George Sand est en réalité le pseudonyme d’Amantine Aurore Lucile Dupin, plus tard, la baronne Dudevant lorsqu’elle se marie en 1822 avec le baron Casimir Dudevant, dont elle aura deux enfants.

Ses détracteurs les plus acharnés : Charles Baudelaire, Jules Barbey d’Aurevilly, Henri Guillemin n’ont retenu d’elle que cela, alors que George Sand était au centre de la vie intellectuelle de son époque, accueillant à Nohant-Vic ou à Palaiseau : Liszt, Marie d’Agoult, Balzac, Chopin, Flaubert , Delacroix, et Victor Hugo, conseillant les uns, encourageant les autres.

Outre son immense production littéraire, elle s’est illustrée par un engagement politique actif à partir de 1848, inspirant Alexandre Ledru-Rollin, participant au lancement de trois journaux : « La Cause du peuple », « Le Bulletin de la République », « l’Éclaireur », plaidant auprès de Napoléon III la cause de condamnés, notamment celle de Victor Hugo dont elle admirait l’œuvre et dont elle a tenté d’obtenir la grâce.
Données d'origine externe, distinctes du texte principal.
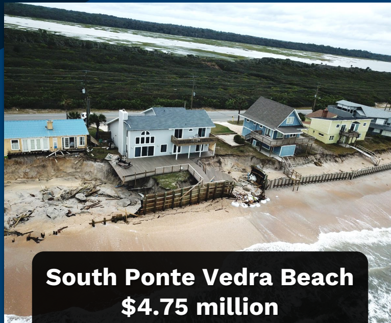
South Ponte Vedra Beach $4.75 million
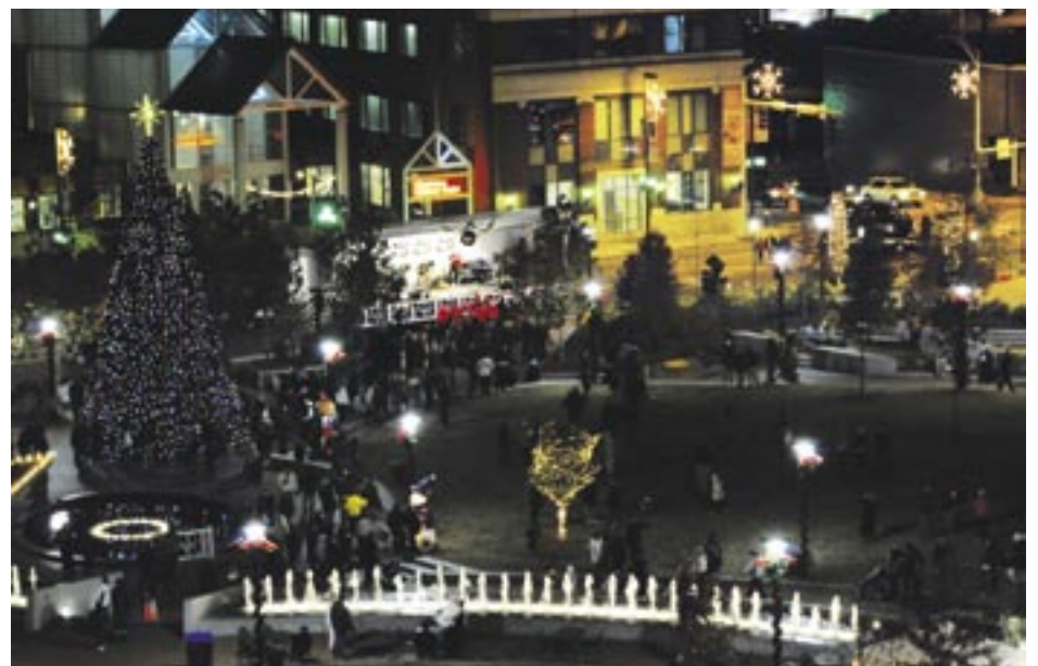
Center City Park, 2008 Festival of Lights, Greensboro.
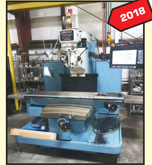
TRAK MDL. DPMRX7 TOOLROOM BED MILL
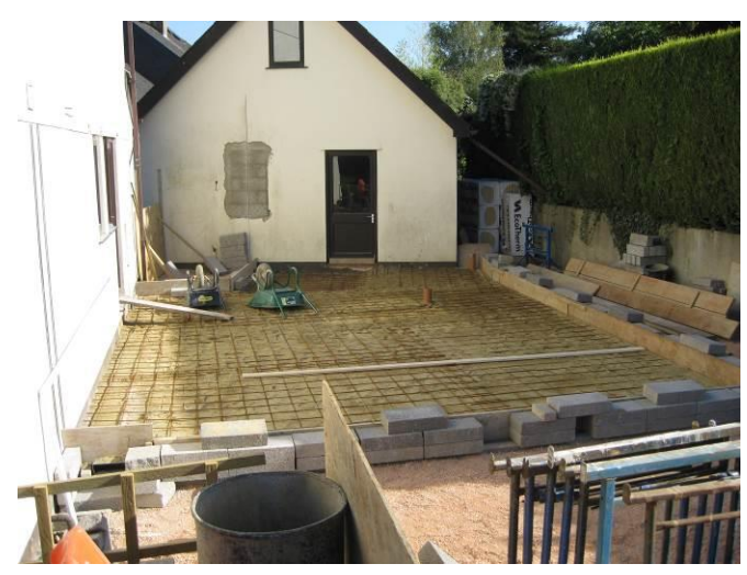
Reinforced Concrete Slab
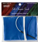
Silk Clarinet Swab
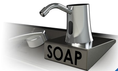
Optional Infrared Soap Dispenser
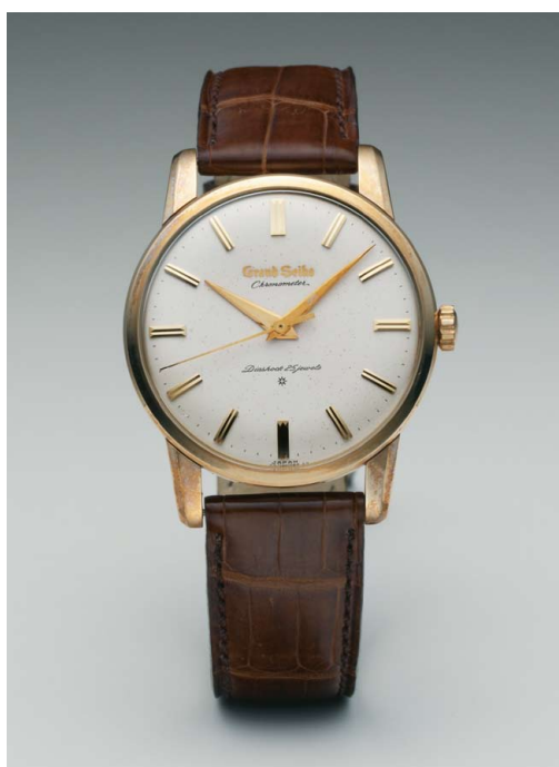
The very best of SEIKO since 1960

Since its launch exactly 50 years ago, Grand Seiko has been the very best of SEIKO. Inspiring its birth was a very simple and beautifully pure idea; Grand Seiko was to be more accurate, more durable, more legible and easier to wear than any other watch in the world. Today, Grand Seiko is a luxury brand that offers timepieces made by master craftsmen in SEIKO's two exclusive watchmaking studios, using exclusive movements and the highest grade materials. Each Grand Seiko watch is instantly recognizable because of its simplicity of form and its understated elegance. From the very first Grand Seiko watch in 1960 to the latest collection of today, every Grand Seiko has shared the functional beauty and design purity that has always been its hallmark. Grand Seiko is, simply, the very best of SEIKO.
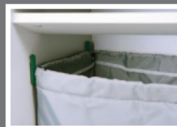
Nylon bag hooks makes bag fit tight. No paper misses the bag.

“La Mare au Diable”, “Consuelo” et “Indiana”, font partie de ses œuvres les plus célèbres.

Auteure de romans, de nouvelles, de contes, de pièces de théâtre, d’une autobiographie, de critiques littéraires et de textes politiques, elle n’arrête pas d’écrire jusqu’à sa mort à l’âge de 71 ans. Victor Hugo déclara à sa mort : « Je pleure une morte, je salue une immortelle ! ».